BB: Remember how I said above that I tried not to think about it? Denial can be a writer’s best friend. Worry less has been my mantra lately. I tried to write the best, most interesting story I could and leave the market up to the market. In the final analysis, I think that’s all a writer can do. Trust in the story.
Reactions have been overwhelmingly positive, which definitely helped.
EKA: Are you working on any further cell phone novels? Is it a format that you enjoy?
BB: I just finished up iFRANKENSTEIN, about a homeschooled kid who creates a monster called Virtual Victor who quickly starts destroying his life (they grow up so fast!).
I love the format.

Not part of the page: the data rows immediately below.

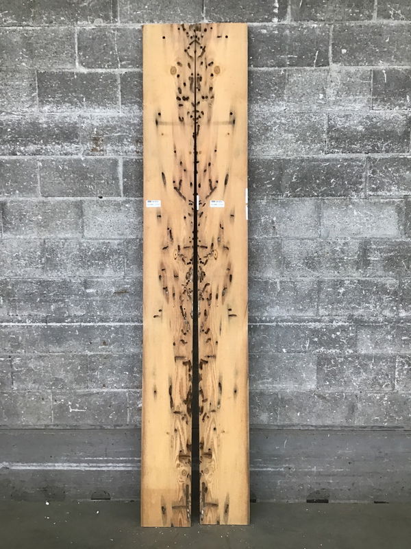 Locally milled & kiln dried. Mostly Fir and Hemlock, sometimes a few Spruce come in. These have amazing bore channels that come from the notorious teredo clam. These saltwater clams spend their entire lifespan in these logs creating their tunnels, that rarely intersect. The raw stock logs (before milling) originally used as boom surrounds in antiquated timber transport. These logs used to be left to rot in coastal towns before our supplier took it upon himself to repurpose them. Very unique stock, teeming in NW history. Very popular as decorative siding. The number of bore channels varies from board to board, depending on what your project demands.
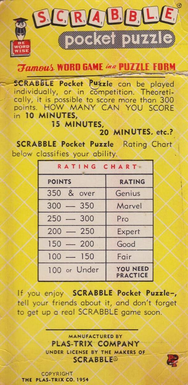 This is a a version of Scrabble that all of the people at a party can play. Each players has a sheet that matches the Scrabble board. The dealer deals out 7 cards with letters and each player plays a word using those letters on his personal board, as if playing Scrabble. Each turn 7 new letters are dealt out. The game continues until the deck (which...
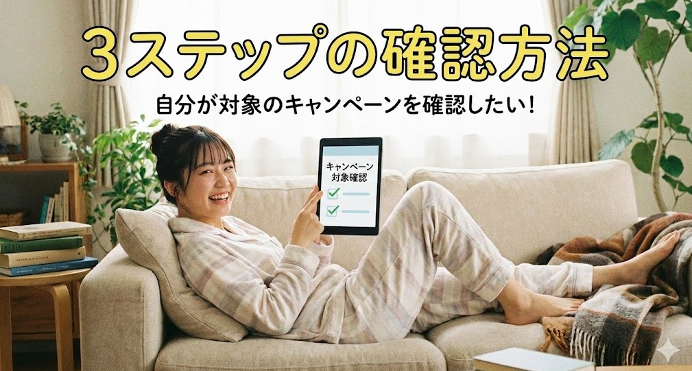 「自分が対象のキャンペーンを確認したい!」という方向けに、3ステップで完了する確認方法を図解します。
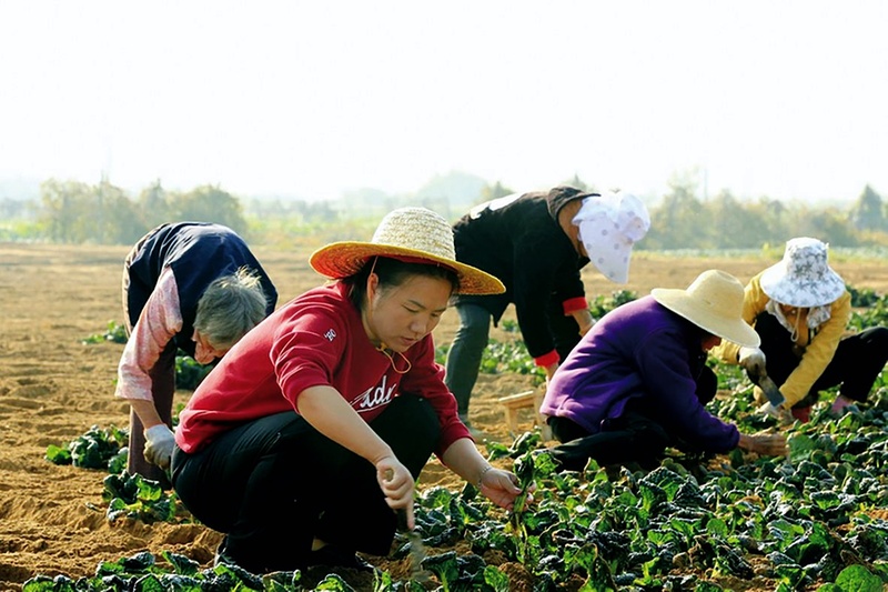 近日,随县安居镇陈家湾村组织村民在原产区抢季移栽优质泡泡青,确保明年春节前上市,实现蔬菜丰产、村民增收。(随州日报通讯员余红琼摄)
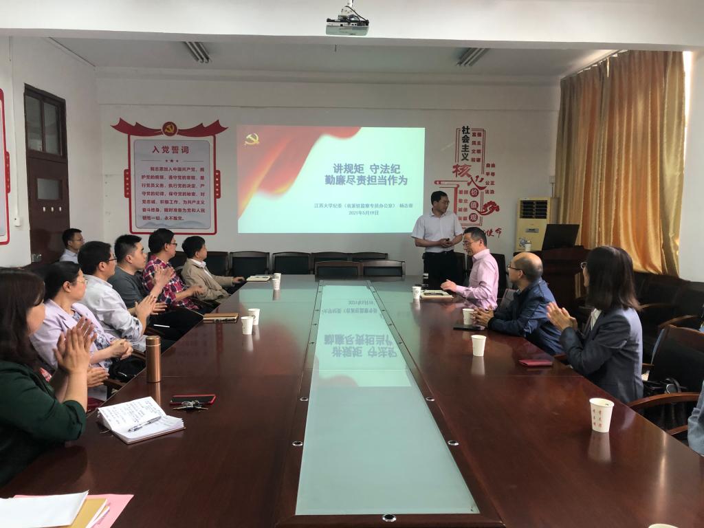 在动力楼206会议室开展了党规党纪专题讲座,讲座邀请了校纪委副书记杨志春主讲,学院全体中层领导干部、科级干部、各系主任、各支部书记,以及学院所有项目负责人参加了专题讲座。

It forces me to think in a completely different way. I wrote another series as Rebecca Cantrell that’s historical literary mysteries set in 1930s Berlin. Those books are long, descriptive, and extensively researched. For the iMONSTER books, I use a different part of my brain. They’re supposed to be fun and funny. I want to put a new spin on old classics that draws in new readers and challenge myself to use new storytelling media. I try to balance true horrors with imagined ones.
EKA: What have you read lately that you loved?
BB: I just read ENDER’S GAME by Orson Scott Card. I can’t believe I didn’t read it years ago. It’s a riveting story about a young boy being trained to protect the Earth from invading aliens, but at a great personal cost. It makes you think about freedom of will, self defense, the rights of the one versus the rights of the many, acceptable use of force, and the life of one small boy. Great stuff.
EKA: What are you working on now? Or is it top secret?
BB: I just finished the screenplay for iDRAKULA. Next on my list is the fourth book in the Hannah Vogel mystery series: A CITY OF BROKEN GLASS about Kristallnacht in Berlin.
Big thanks to Bekka Black! I’m pretty psyched to hear that we’ll be seeing iFRANKENSTEIN in the near future! And if you still haven’t read iDRAKULA, get to it!